Consider a sample receipt from your local kirana store, that looks like this
Item | Qty | Price | Total |
Apple | 3 | 20.00 | 60.00 |
Egg | 12 | 5.00 | 60.00 |
Milk | 2 | 76.00 | 152.00 |
Onion | 20 | 7.00 | 140.00 |
Total | | | 412.00 |
In real stores, they won’t issue receipts with four columns. But for the sake of this discussion; let’s assume they do provide such detailed tabulation.
Your task is to find out if the tally is correct.
We can use Excel for this.
In this chapter, you'd see images / videos in both dark and light theme. Based on your comfort and preference, pick one of these in each case : either dark theme, or light theme.

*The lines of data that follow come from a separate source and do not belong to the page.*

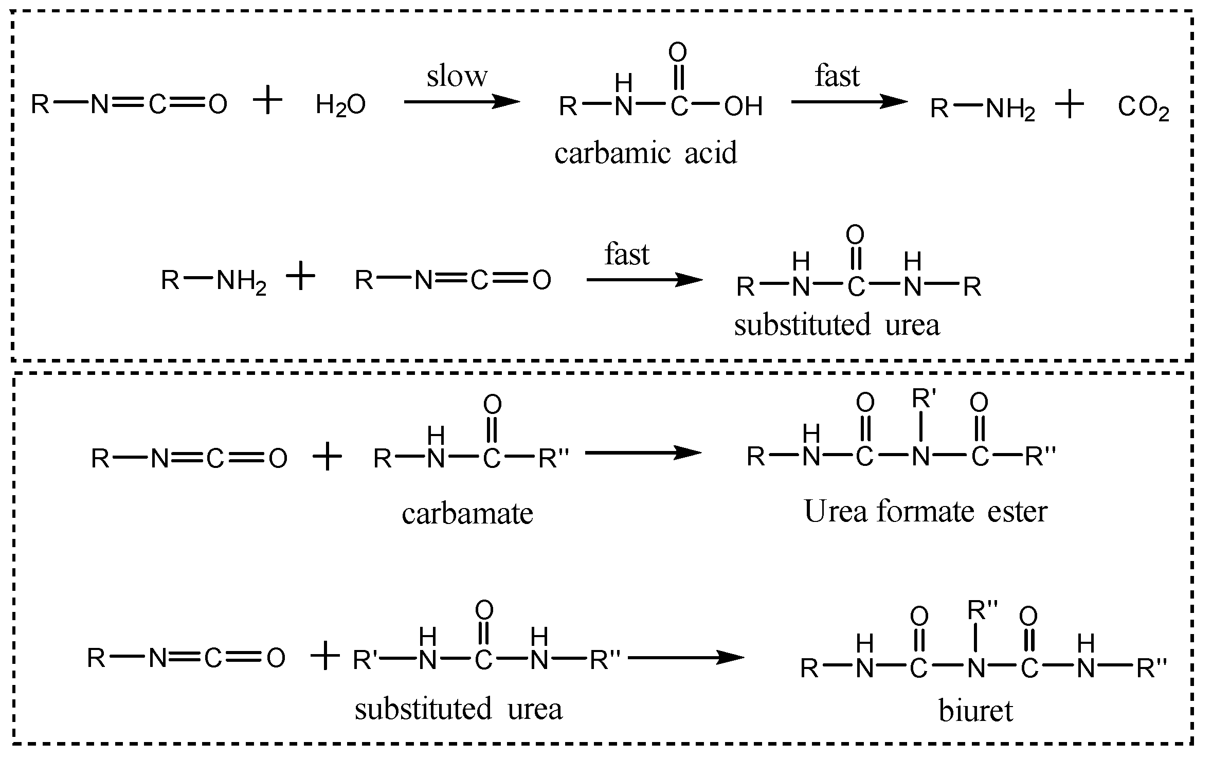 - A water-reactive polyurethane grouting material was synthesized using PPG and BDO as soft segments, MDI as the hard segment, and a composite catalyst system composed of PC-8 and T-12. The polyurethane was synthesized at an –NCO/–OH molar ratio of 1.8, 1 wt% BDO, and a 3 wt% composite catalyst, a polyurethane sealant exhibiting controllable gelation time and high mechanical strength, was obtained.
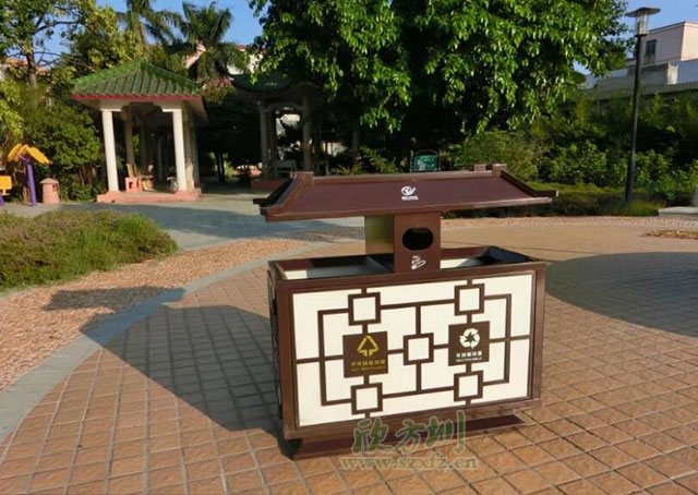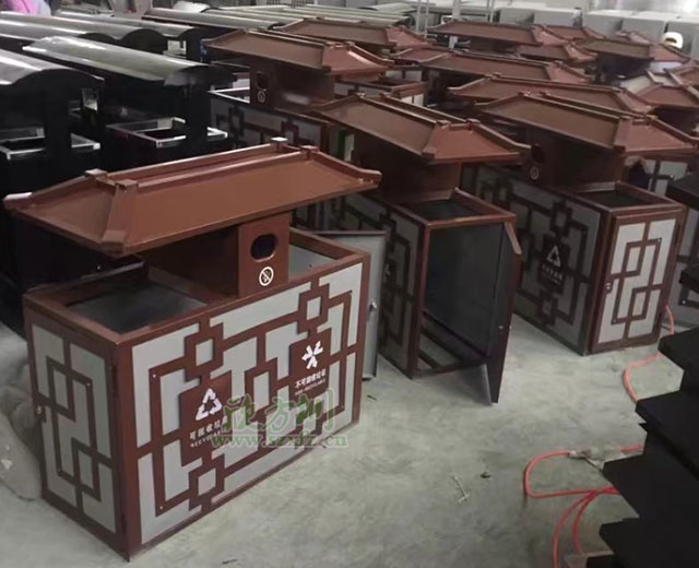 中國風(fēng)戶外鋼制分類垃圾桶工廠批量生產(chǎn)圖
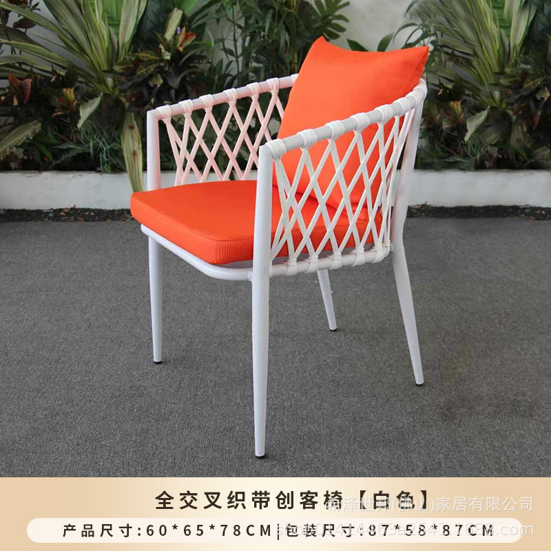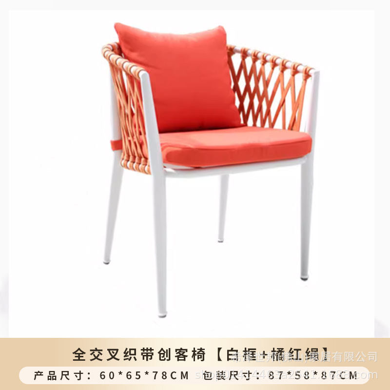 • 메이커 웨빙 의자 [화이트 프레임 + 오렌지 레드 로프] - 맞춤형
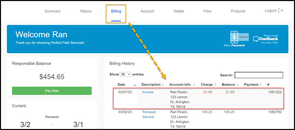 The newly created invoice is also visible in the customer portal under the Billing tab.
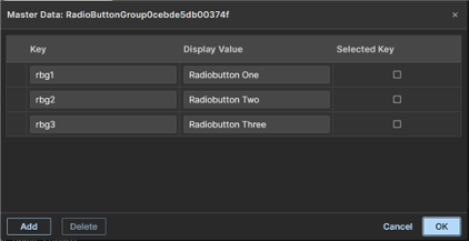 To add more radio buttons to the widget, click Add. To delete a radio button, click inside a cell, and then click Delete.
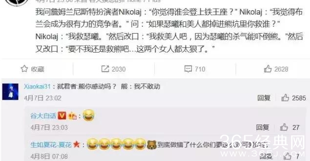詹姆被问到谁会登上铁王座?最有意思的梗是弑君者如果在瑟曦和美人还有熊之间会如何选择,詹姆居然两次改口!
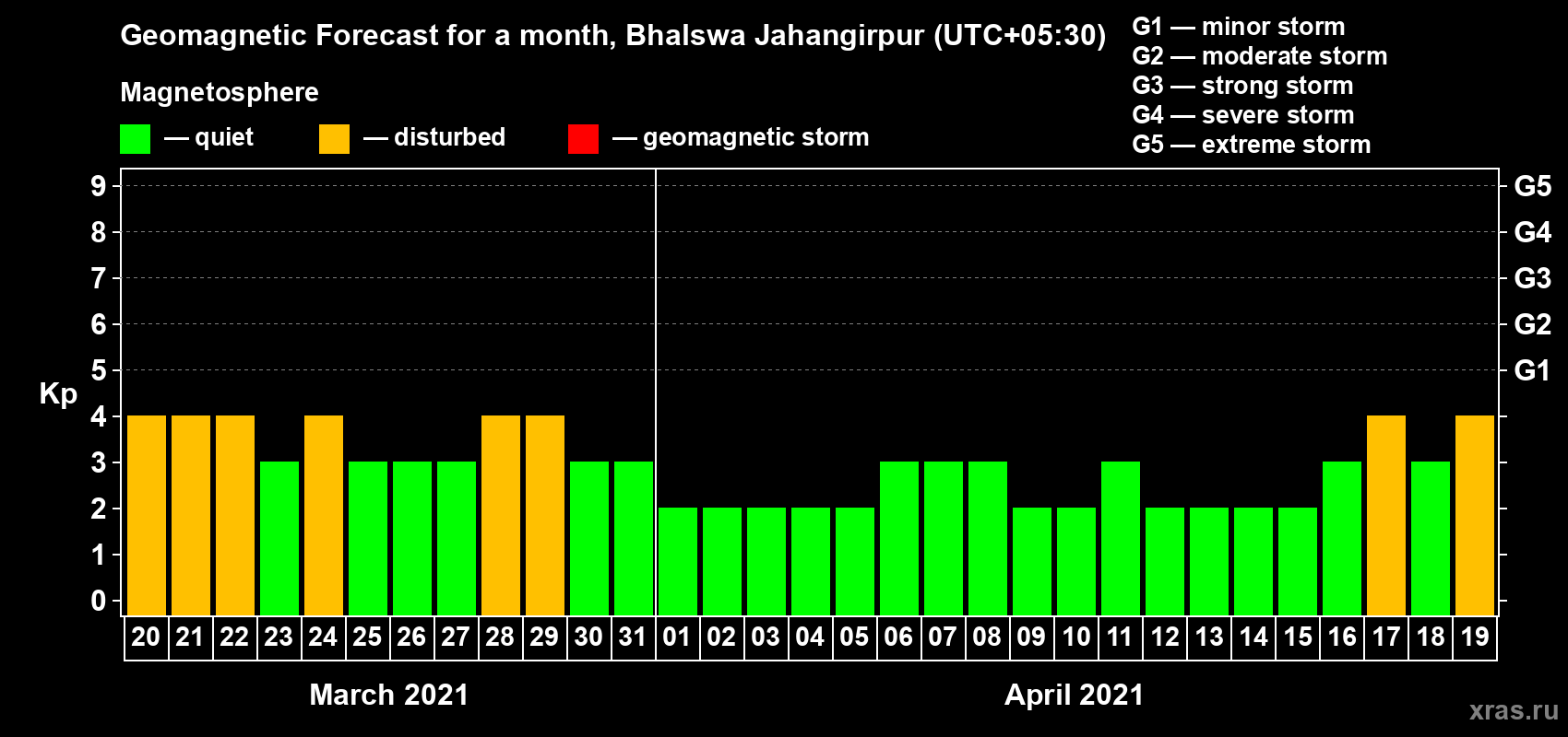 Geomagnetic activity forecast in Bhalswa Jahangirpur — Mar 20, 2021
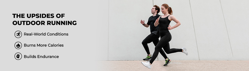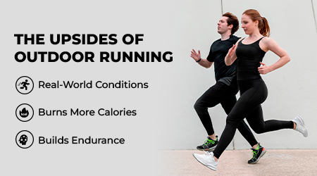 Outdoor running incorporates natural aspects such as wind resistance, varying terrain, hills, and weather, resulting in a more holistic exercise. These variables increase muscular activity while also improving balance and coordination.
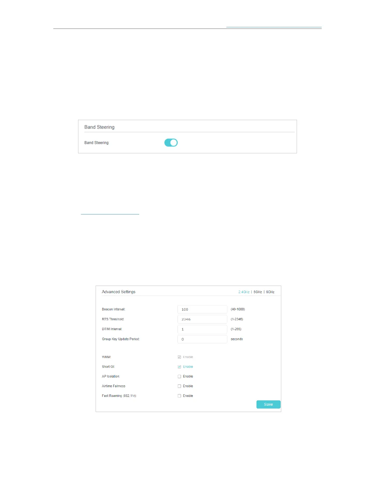 2. Locate the Band Steering section, select the Enable check box to make the settings
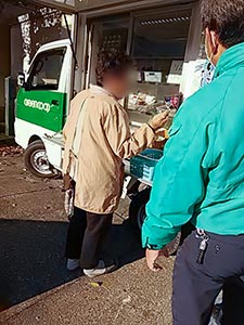 数か月ぶりのお母さんに顔を見せていただきました。すごく元気そうで、「デイサービスに行ってる時間だからなかなか来れんかった~」などとお話しいただきました。びん牛乳ノンホモ、舞茸と小松菜の肉みそ炒めセット、黒棒名門、他をご購入いただきました。

Take your favorite Excel app (MS Excel or Google Sheets), and create a new sheet in it.
Going forward, we’d refer to it as sheet.
Enter these numbers, as you see in the images below.
No need to manually enter these data points one after another. You could simply select the above table with your trackpad / mouse; copy it with Ctrl + C
/ Cmd + C
, and paste it in your sheet.
But wait, this is just text in a bunch of grids and cells! Where’s the magic or programming?!
Hold your horses, we’re getting there.
Now comes the part, where we sit back and let Excel formulas operate on the numbers, then cross-check the results for us.
If you notice carefully, some of the numbers in the above table could be derived from other numbers.
This is the starting point of an excel tracker: using excel formulas to derive values from other values.
Notice the 4th column, price of all items for a given item. It’s basically column 2, multiplied by column 3.
For example, in first row, for Apple
, each apple costs 20, and there are 3 of these purchased - therefore, the 4th column has 20.00 x 3 = 60.00
as its value.
How to represent this relationship, column 4 = column 3 x column 2
in Excel lingo?
In Excel, every cell can have either a static value, or a value derived from another relationship.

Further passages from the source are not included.